My current job on the MBS desk has been great for a few reasons.
+ cool boss
+ short hours for asia/japan
+ learning stuff slowly at a leisurely pace
+ niche domain to conquer

Bad for the following reasons
- this desk makes no money
- maybe not really pushing myself, learning is slow
- not high profile, not gonna get promoted here, not enough quant/research work

So they've suggested a group (not sure if 'suggested' means they are telling me how it is, but sounds more like i have leeway to choose). Its more of a traditional IT role rather than analytics, but does have alot of interface w/ traders and risk management so I'd probably learn the business flow better than my current role.

In the end, I have to consider what I should be working on and what I would like to work on.

I have this dream of becoming an analyst... but really can it happen? I don't know, I think its unlikely given:
a) my lack of focus, ie I haven't done anything other than show up to work...
b) my age and inability to focus and learn quickly at this point in my life
c) my lack of proper educational background (phd, ms in math)
d) my lack of just being good at this stuff.

So I do ponder at times if I should go back to tech where I am better and more productive. But even in tech I often 2nd guess myself during a project when I'm writing crappy code .. I think to myself, gawd.. I suck. But in reality I am probably pretty good.

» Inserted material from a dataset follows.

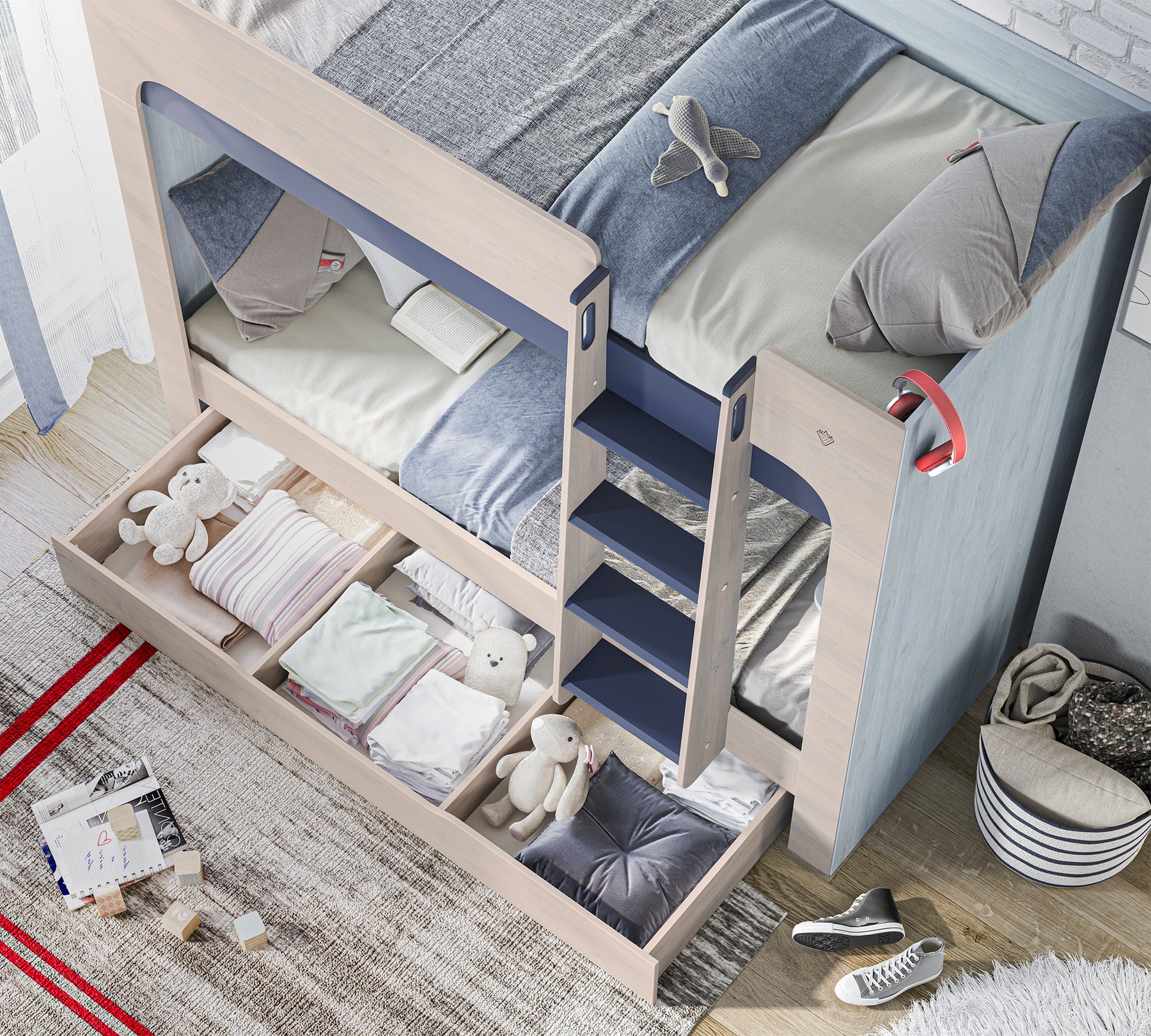 The dark blue embossed paint technique used on the stair treads provides safe use by preventing slipping thanks to its rough surface. The bunk bed structure integrates with the energizing blue tones and warm wood texture of the Trio series, creating a dynamic and modern atmosphere in the room.

My manager told me today to take this job (he wont be my manager afterwards) because I have sr.management potentially and everyone sees it. He doesn't see me as a pure techy person not because its a waste of material but because he doesn't see that passion in me. I should be living breathing and eating analytics and models if I was into it, and its true.. I'm in love with the dream but not with the work.

Thus I think I shall take my managements heeded advice and work on this risk project.. knock it out of the park and get to VP level ASAP. Use my god given talents.. whatever they are and develop some different skills.

Thats my sudden thought.... its not so sudden, but I am a recluse, unwitting, and unwilling leader at times and my managers have noted that (startup and BigHQ). So I guess I should stop fighting destiny and try my hand at something different. I wonder if I'll fail at times.. it is much easier doing technical work because getting to absolute correctness is often easy compared to driving/managing a project.

Anyways this role is in Credit and Credit is mostly in Hong Kong. So at some point I may move to HK. As early as this Dec, and as late as next Dec 2009. We'll play it day by day for now.